Well, they were a bit of a strange case, as they were 2-4 in one-possession games. When things went sour for LA, they did so in a hurry and with devastating effect.

They also had 15 double-digit wins, but they were also a .500 team as late as Nov. 30 (when they were 10-10) before they lost 12 of 13 and started tanking in earnest.

On the one hand, they’re the exception that proves the rule, but on the other hand, they were also a team that had a pair of extended stretches, one in which they went 1-12 and another in which they lost 18 out of 20, and they were beaten by 20 points or more a staggering 15 times while only winning by that margin or better twice.
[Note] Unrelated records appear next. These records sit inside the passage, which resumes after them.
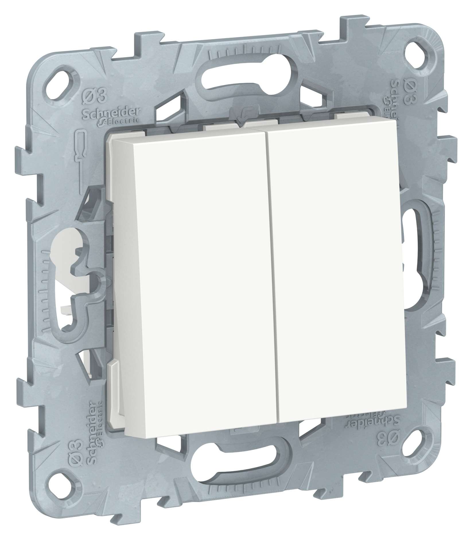 Переключатель двухклавишный Schneider Electric UNICA NEW (белый) перекрёстный без подсветки предназначен для сетей до 250 В на ток до 10 А. - 2 переключающих контакта. - Специальные направляющие для облегчения ввода кабеля. - Переключатель позволяет управлять одним источником света из двух точек.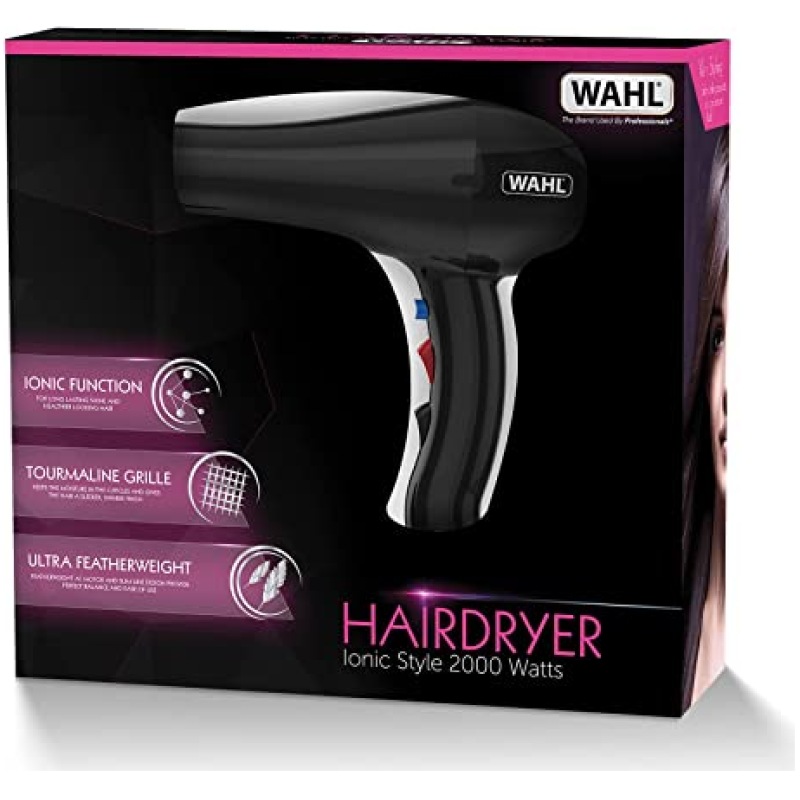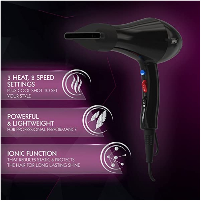 Wahl Ionic Style Hairdryer, Professional Quality Dryer, Hair Dryers for Women, Cool Shot Button, 3 Heat and 2 Speed Settings, Quick Dry Airflow, Fast Drying, Black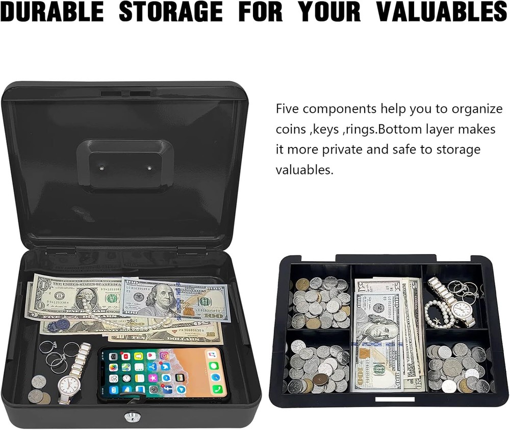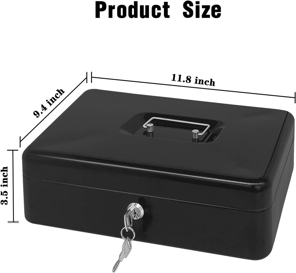 Steel Cash Box with Key Lock, Metal Small Money Black - 11.8" x 9.4" x 3.5" Product Details Brand: PACOLO Product Dimensions: 5.9"D x 3.1"W x 4.7"H Lock Type: Key Color: Black - 11.8" x 9.4" x 3.5" Material: Alloy Steel, Metal Special Feature: Key Lock Mounting Type: Floor Mount Control Type: Key Control Included Components: Stainless Steel, Alloy Steel, Plastic, Metal Water Resistance Level: Not Water Resistant Chamber Depth: 5.9 Inches Chamber Width: 12 Inches Manufacturer: PACOLO Part Number: Steel Cash Box with Key Lock Item Weight: 3.21 pounds Country of Origin: China Item model number: Steel Cash Box Style: Classic Special Features: Key Lock Batteries Included?: No Batteries Required?: No Brand: PACOLO Product Dimensions: 5.9"D x 3.1"W x 4.7"H Lock Type: Key Color: Black - 11.8" x 9.4" x 3.5" Material: Alloy Steel, Metal Special Feature: Key Lock Mounting Type: Floor Mount Control Type: Key Control Included Components: Stainless Steel, Alloy Steel, Plastic, Metal Water Resistance Level: Not Water Resistant Size and Color: Exterior dimensions: 11.8 inch x 9.4 inch x 3.5 inch; Four colors(Black, White, Red, and Blue) are available for you to choose from. Key Lock: This cash box has a key lock to keep valuables safe. The key is easy to operate and can be opened with one hand. Removable Tray: This cash box has a removable tray with six compartments for excellent coin organization and a layer underneath the tray for storing cash and checks. Highly Quality: This solid steel cash box does not fear knocks and shocks.Suitable for storing bills, coins, checks, and receipts. The lock box is lightweight with a convenient handle, so you can take it anywhere and hide it easily. Wide Application: This money box with a key is suitable for indoor or outdoor small businesses, commercial supermarkets, stores, lockers, cabinets, and family use. It is also a perfect gift for your friends and family for birthdays, Mother’s Day, or Christmas. Suitable for storing bills, coins, checks, and receipts.

So what have we broadly shown here? Well, we’ve shown that great teams win big and lose close. We’ve shown that bad teams gut out close wins on nights they’re not getting murdered.

And we’ve shown that the higher the margin of victory or defeat, the more good teams’ winning percentage tends to rise while bad teams’ winning percentage falls.

So there you go. You don’t need grit to win. Unless you suck. Then it’s the only thing that can save you.